2. Assess causal linkages between the treatment components (e.g. knowledge, social support) of a multi-component intervention and specific treatment outcomes (e.g. caregiver depression, quality of life).
3. Explore cultural and racial differences in the evaluation of and effectiveness of the different treatment approaches.
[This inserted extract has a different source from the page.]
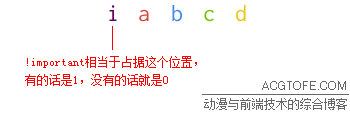 !important是可以寫(xiě)在樣式規(guī)則中的某一屬性定義值后的標(biāo)識(shí)符,用于提升某一屬性的樣式定義的優(yōu)先級(jí)。不同于決定整條樣式規(guī)則優(yōu)先級(jí)的css選擇符權(quán)重,!important只影響自己所在位置的單一屬性。!important在優(yōu)先級(jí)原則中,可以理解為前文的(a,b,c,d)結(jié)構(gòu)中的,比a更高位的標(biāo)識(shí):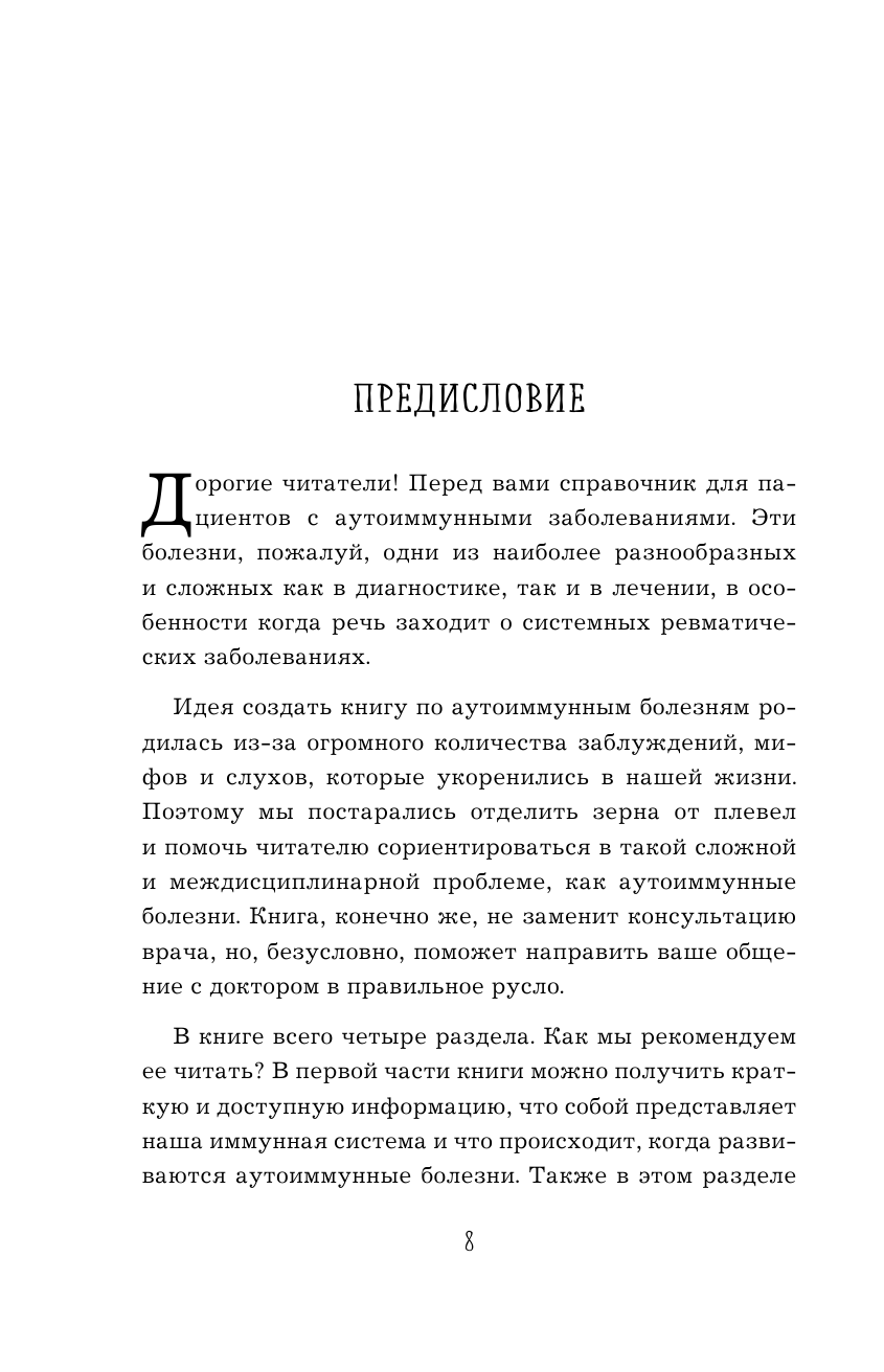 Иногда наш главный защитник - иммунная система - вдруг начинает играть против нас, поражая собственные органы и ткани. Аутоиммунные болезни сложные и коварные, а их лечение требует вдумчивого понимания развития и течения каждого конкретного заболевания. В этой книге собраны современные знания, необходимые, чтобы помочь пациентам комфортнее жить, лучше понимать лечащего врача и быть осведомленными в новейших данных о лечении аутоиммунных болезней. Вы узнаете, как распознают заболевания и какие современные схемы лечения существуют сегодня. В книге собраны ответы на самые актуальные вопросы:

Overall, the issues affecting management of SCI/D in later life are complex and hold critical implications for the health of the long-term survivor as well as for those who provide care in the home environment. Large numbers of individuals are living with the effects of SCI/D for decades post-injury. In addition to the health-related complications that typically accompany older age, these individuals are especially vulnerable to co-occurring medical conditions that require high degrees of support and maintenance. Consequently, older caregivers face multiple and often extreme challenges in providing support to the SCI/D survivor at a time in their lives when their own abilities may be compromised due to age-related changes in health and functioning.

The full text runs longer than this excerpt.